To answer your question though I think a curt note would be appreciated. A simple note saying, "I am trying to narrow down my friends list to a few journals I have time to comment on. I have enjoyed your posts and I wish you all the best."
Best of luck on the wardrobe issues.
2004-12-02 02:58 am (UTC)
Re: By way of a long comment that should be its own post...
Yeah, I think the "mutual" thing is the key. We're not (quite) just anonymous people reading other anonymous people - we interact, or can.
My journal is also almost entirely public - which I guess implicitly invites the world in without necessarily offering to return the favour.
But this medium is interactive and I'm going to try to be more sensitive to that.
As for the wardrobe, I think I'm looking good, even if certain people apparently believe the cause is a hopeless one.
I know what you mean. When I don't like someone I just delete them. Then I get deleted back within the hour. It is pretty funny.
What do I perfer? Whatever you'd like. :)
Suddenly I'm feeling really wishy-washy. It is funny, but I think I understand it better than I did.

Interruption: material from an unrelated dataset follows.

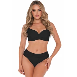 Vystužená podprsenka tvaruje a podporuje poprsie pre atraktívny a stabilný vzhľad. Nastaviteľné a odnímateľné ramienka umožňujú prispôsobiť plavky individuálnym preferenciám a zapínanie na chrbte zvyšuje pohodlie. Klasicky strihaný spodný diel s jemným riasením dodáva eleganciu a opticky tvaruje siluetu.

Well, if you were to de-friend me, then I would demand an explanation. Anyone else can just rot.
If it ever happens, you'll get one. I've changed my tune.
"Anyone else can just rot." *Young Geoffrey giggles like a school-girl*
Your writing is excellent -- any long-term plans for a novel?
When I am newly "friended" I feel it is on a trial basis. I friended someone who I ended up not digging at all -- So I left a note explaining my decision and wished them the best of luck.
For the most part, I think that people know why they have been defriended. When you let someone know that you have defriended them, they can say "Well -- Screw you! For being nice about it, Loo-ser..."
I have noticed the norm seems to be that people leave a post saying they have done some "cleaning up" etc...Which makes me feel like people wait until they a whack of dud friends to dump all at once so that no one takes offense.
I dunno -- I feel like I'm breaking up with someone sometimes :)
Your writing is excellent -- any long-term plans for a novel?
Have I ever mentioned what lovely, er, icons you have?
Yes, I have plans for a novel. Hideously long-term, I'm afraid (I have completed two full drafts over *gulp* more than 10 years), but they do exist.
I've noticed that "cleaning up" norm as well. But it would seem awfully silly in a public journal, I think.
I feel like I'm breaking up with someone sometimes :)
As I am coming to realize, on a minor scale, de-friending on LJ is a little like dumping a friend in real life - and I've learned that, in some times, that is harder than dumping a lover.
I think it's useful to have a friend's policy for precisely these reasons. I don't generally get upset if someone defriends me, unless I know them in RL. And when I do know someone in RL, but feel like I need to make a break, I usually send a quiet note to that effect, but privately.
Strangely though, no one's defriended me yet--even people I've taken off my list, though there's definitely been people who I've friended who haven't friended me back.
i think the deal with the friends removal business is that they don't want to leave someone on that deleted them. i don't think it's about you. if someone deletes me, i figure i bore them and i delete them back. i'm not putting a lot of energy into reading an occasional public post of someone when i'm not getting the same in return.